Er valt niet aan te ontkomen: de kantoormarkt in Brussel stevent af op een serieuze krimp, 'corona oblige'. Een vijfde van de kantoren staat op verdwijnen, door het toenemende telewerk. De leegstand zal, zonder maatregelen, navenant toenemen. “We gaan door een moeilijke periode,” zegt bouwmeester Kristiaan Borret, “maar er zijn ook opportuniteiten. De crisis kan zuiverend werken.”
| De site van Thurn & Taxis met op de achtergrond de Noordwijk, waar kantoortorens worden omgebouwd tot wooneenheden.
De commissie Territoriale ontwikkeling van het Brussels parlement heeft zich in de twee hoorzittingen gebogen over de gevolgen van corona op de kantoormarkt. De N-VA had hierover een resolutie ingediend. Die is intussen weggestemd (zie kader), maar de cijfers die naar voren werden gebracht, zijn niet bemoedigend. Het worden barre tijden voor de kantoormarkt. En dat heeft, nagenoeg helemaal, met corona te maken. We hebben allemaal leren zoomen en teamsen. Telewerk wordt na de pandemie een blijver. Meer dan een vijfde van de kantooroppervlakte in Brussel staat op verdwijnen.

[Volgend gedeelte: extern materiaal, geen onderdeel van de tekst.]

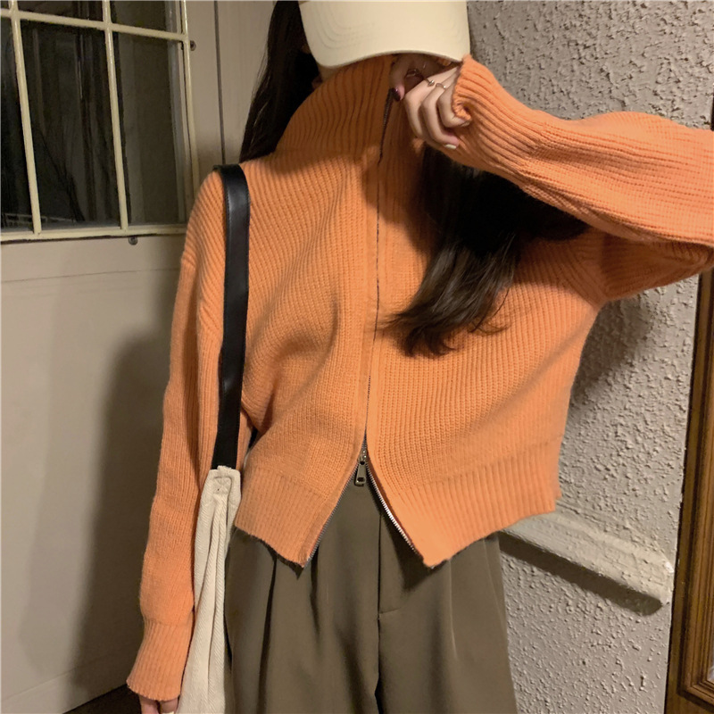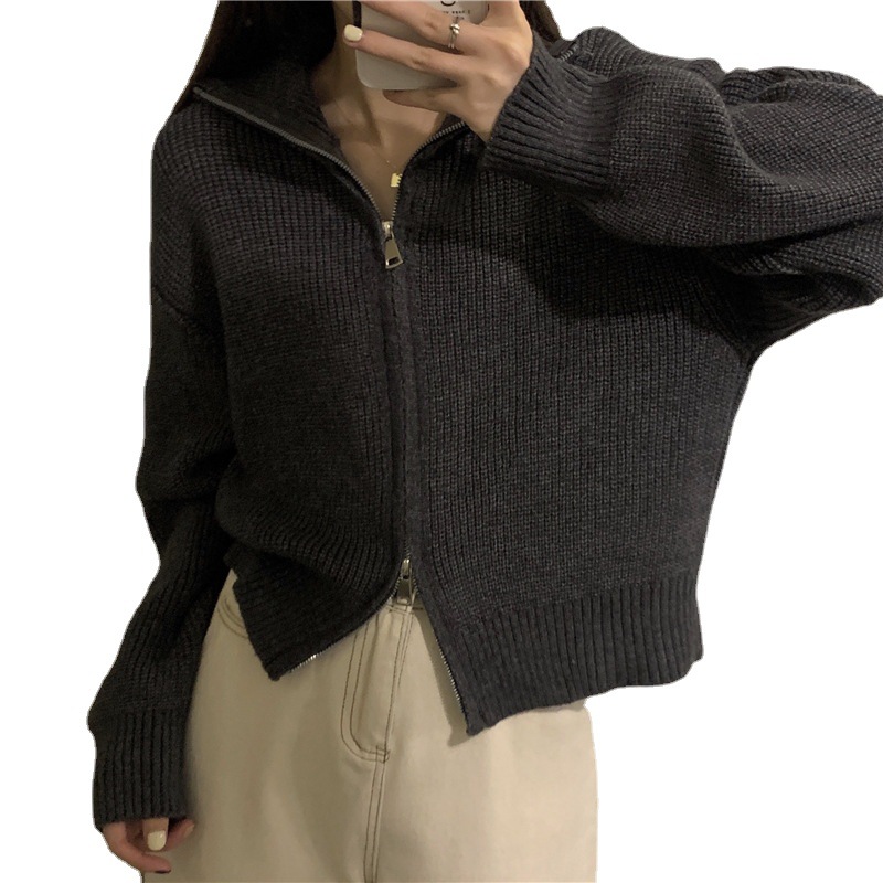 | nameOriginal | 2023 autumn new solid color knitted cardigan three-dimensional design sense double zipper long sleeve sweater short coat wholesale |

Het meest iconische voorbeeld is de Europese Commissie die beslist heeft om het met de helft minder gebouwen te doen. Ze wil 200.000 vierkante meter kantooroppervlakte minder innemen. Dat is in oppervlakte te vergelijken met de volledige Financietoren. En dat is maar één voorbeeld.
Bij Perspective.Brussels houden ze de kantoormarkt nauwlettend in de gaten. Dat doen ze al lang, omdat het een belangrijke economische speler is in onze stad, maar ook vanwege het stedenbouwkundige belang. In de jaren 1980 en 1990 werd de kantoormarkt zo dominant in Brussel dat de woonfunctie beschermd moest worden. Het behoud van de woningen tegenover de oppermachtige betonboeren, onder meer in de Europawijk, was toen de grote strijd van organisaties als de Brusselse Raad voor het Leefmilieu en Inter-Environnement.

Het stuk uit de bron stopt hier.